1936 год, кровавый апрель. На Зарыхту, после ареста отца и обыска в их квартире на Персенковке, охотятся шпики по всему городу. Вокзалы, заставы, даже пригородные поля оцеплены полицией, стянутой после «беспорядков» со всей страны. «Газета польска» — хоть и официозная — опубликовала список свыше девяноста убитых. Кто-то за это ответит, наверняка не те, кто виноват. В Березу вывозят тысячи людей. А Кароль Зарыхта ранен. Это значит, что участвовал в беспорядках. Обвинение опасное. Обвинение или, скорее, провокация? Приписывают Каролю — который об этом еще не знает — ранение сотрудника полиции.

На две недели студенческая обитель Яна Барыцкого, с эркером и крошечным балкончиком, выходящим на оживленную улицу Пилсудского, опять оживленную после подавления «беспорядков» и как бы забывшую о недавней расправе, превращается в надежное убежище. Почему, собственно, семейство Барыцких — типичных, судя по убранству квартиры, буржуев — проявляет сочувствие к Зарыхте? Каприз? Повышенное чувство моральной ответственности? Но ведь эта студенческая обитель — четыре метра на пять, полнейший комфорт — по существу, первая камера Кароля. Следующие его камеры будут и меньше, и не столь комфортабельны, но с каждым разом лишение свободы будет легче переносить. Парадокс. Ибо тут принуждение, насилие и беззаконие. А в комнатке Янека прятался по собственному желанию. Бездеятельность по своей воле. Омерзительный привкус страха, подсказывающего, как надлежит поступать.

Еще теперь, спустя много лет, Зарыхта помнит эту комнату: низкая, широкая тахта, застланная домотканым ковром, шкаф, настолько забитый, что из него вываливаются книги, письменный стол, доска с приколотым чертежом Янека, рабочая лампа на замысловатом кронштейне. Возле балконной двери пианино, а на нем бутылки с окотимским пивом. На стене какой-то футуристический плакат и нарисованный Янеком на оберточной бумаге неприличный ребус, направленный против ОНР[9]: «Внимание! Враг подслушивает!» И огромное ню, чувственное, будоражащее: репродукция с картины Сезанна или Матисса. На книжном шкафу — глобус, боксерские перчатки, лыжи, рюкзак и большой, то ли модель, то ли игрушка, медный, тонкой работы паровоз, утеха детства доктора Барыцкого.

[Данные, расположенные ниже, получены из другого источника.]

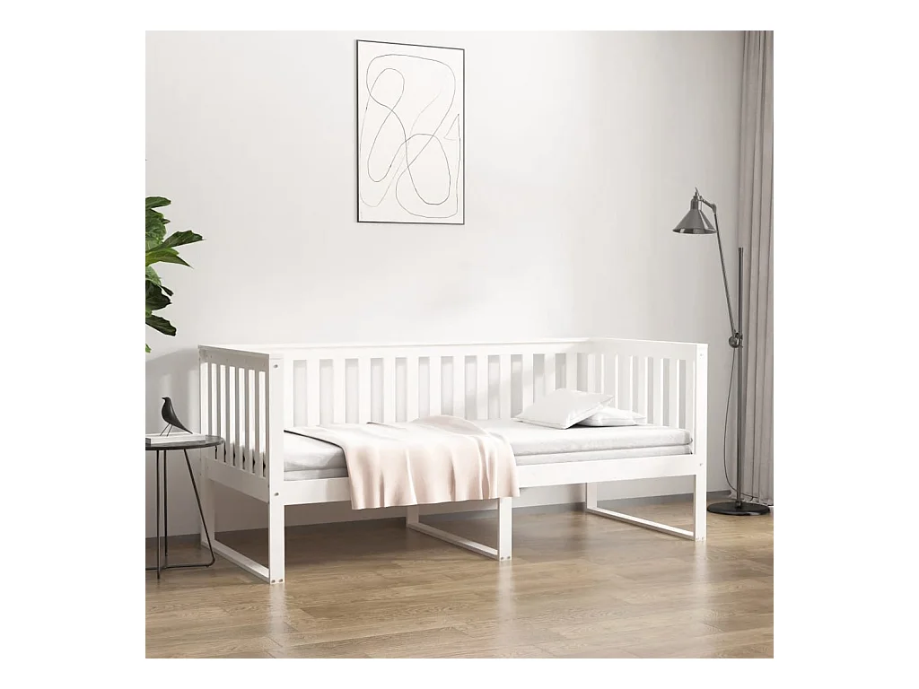 Divano letto senza materasso bianco 90x190 cm in legno massello di pino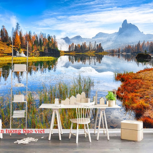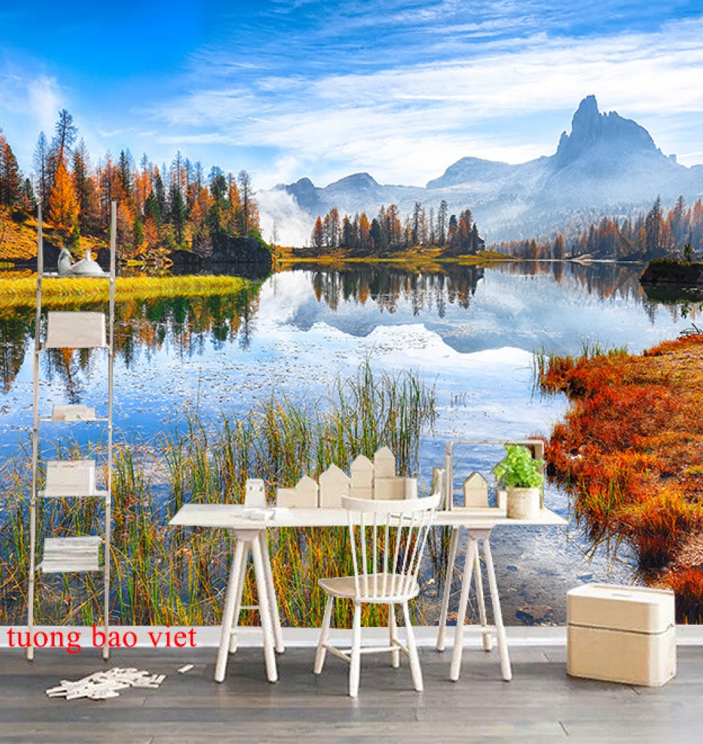 Tranh dán tường phong cảnh sông núi mùa thu me088 với cảnh núi non trùng trùng điệp điệp một màu xanh...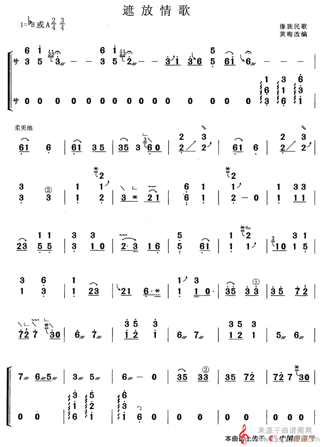 曲谱图网为您提供遮放情歌(黄梅改编版傣族民歌遮放情歌简谱曲谱)找谱子,就上曲谱图网。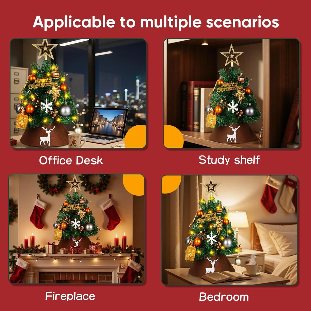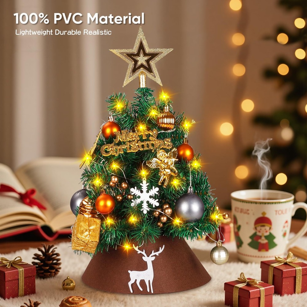 24 Inch Tabletop Christmas Tree, Artificial Mini Xmas Pine Tree with 30 LED String Lights,Small Xmas Star Tree for Christmas Decor Perfect Tabletop Size – 60 cm / 23.6 in tall with 75 branch tips across 8 graduated tiers plus a crowning top branch; slim 35 cm / 13.8 in Ø footprint fits desks, mantels, dorms and entryways. Heavy-Duty Construction – built on a 7.8 mm thick steel pole for upright stability season after season; flame-retardant PVC needles offer lifelike color and zero shedding. Deluxe Ornament Kit – arrives complete with 1.6 m grey-kraft ribbon, 15 cm tree-top star, 14.5 cm gold “Merry Christmas” plaque, white deer head, golden reindeer & angel, 5 white snowflakes, 2 gift boxes, 9 golden berry picks, 21 mixed-matte & shiny baubles (6 cm & 4 cm), mini burlap sack and a 3 m 30-LED warm-white battery string. Tool-Free Setup & Storage – hinged branches drop into place in minutes; everything tucks back into the reusable box for compact off-season storage. Safe & Versatile Décor – UL-certified light set, low-heat LEDs and sturdy metal base make it ideal for indoor or covered-porch use; a charming gift or centerpiece for Christmas, weddings and winter parties.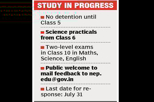 The draft proposal includes a common national curriculum for Science, Mathematics and English in schools across the country. It envisages introducing practical lessons in Science subjects from Class 6 onwards and two levels of examination for Class 10 in Mathematics, Science and English. The draft proposes the no detention policy upto Class 5 only and the system of detention will be restored at the upper primary stage.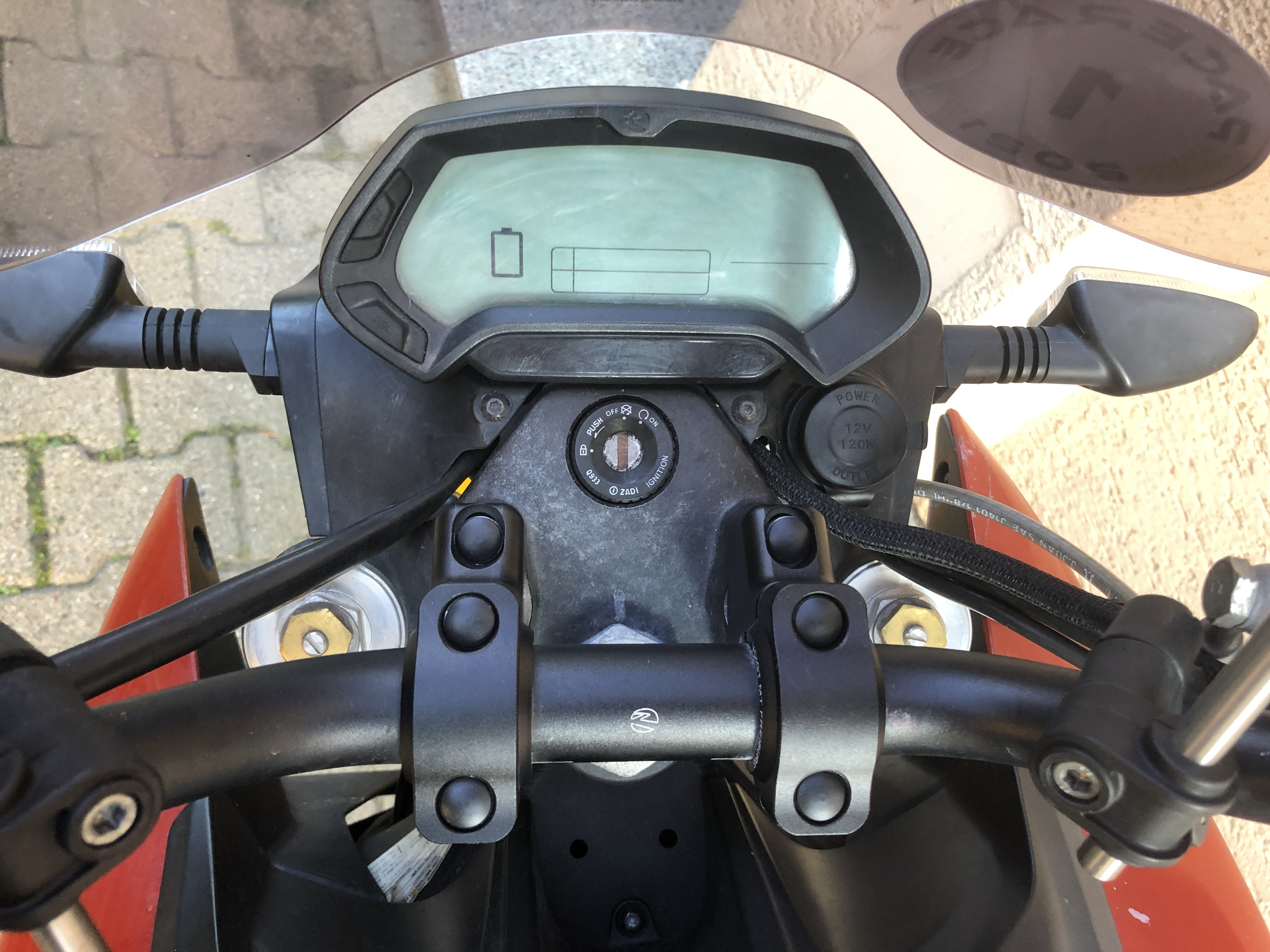 Jetzt ist erstaunlich viel Platz vor dem Lenker, und speziell das Kabel von der linken Lenkerarmatur spannt noch etwas mehr als vorher: Von der Seite sieht man gut den Versatz in Z und in X Richtung: Das Windschild musste ich natürlich auch anpassen. Die kurze Fahrt vom Montageplatz im Schatten auf den Stellplatz hat mir sofort die neue Sitzposition aufgezeigt.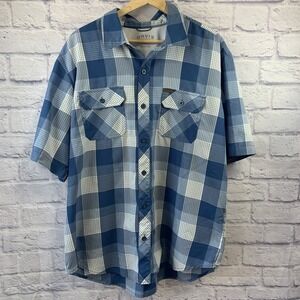 Orvis Mens XL Short Sleeve Button Up Classic Collection Blue Plaid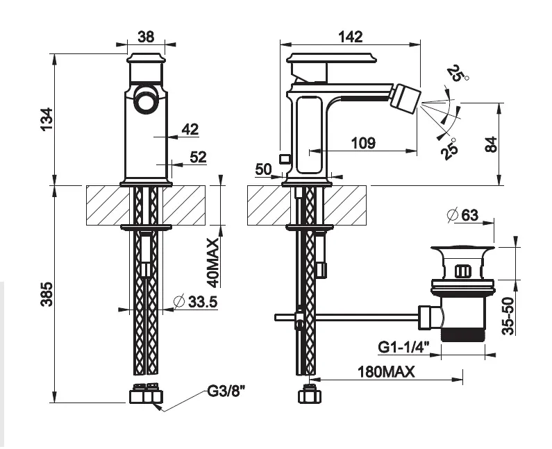 - Монтаж: на биде

Кароль спит в этой комнате, ест без аппетита лакомства, приносимые сперва Янеком, а потом — как бы в знак того, что семейство одобряет их тайный сговор, — разбитной горничной, которая сразу же начала умиленно поглядывать на этого то ли гостя, то ли узника. Горничная! Какая своеобразная конспирация. Кароль читает целыми днями. Мальро, Цвейг, Фейхтвангер, «Путешествие на край ночи» и «Жизнь Клима Самгина». В темноте выходит на балкон и смотрит на улицу, не слишком оживленную, по ней время от времени проезжает скрежещущий и трезвонящий трамвай, возле гостиницы патрулируют шлюхи, на скверике торчит постовой с винтовкой на плече — знаменье времени! Летят дни, снова цветут каштаны, ночи уходят на разговоры, дискуссии, споры. Характерная особенность: в главном молодые люди единодушны, но выясняется, что норой им трудно сойтись во взглядах на детали. Часто из-за этого разгораются споры. Чем больше выпьют, тем меньше Зарыхта щадит друга, интеллигента паршивого. Оппортуниста. Словно отыгрывается на нем за добровольную отсидку. Вероятно, гордишься своим благородством, верно? Полюбуйтесь, вот польский интеллигент во всей красе. Так думаешь о себе, признайся! Следуют эпитеты. Ян не остается в долгу, хотя и не теряет самообладания. Отвечает со смехом: «Троглодит, санкюлот!»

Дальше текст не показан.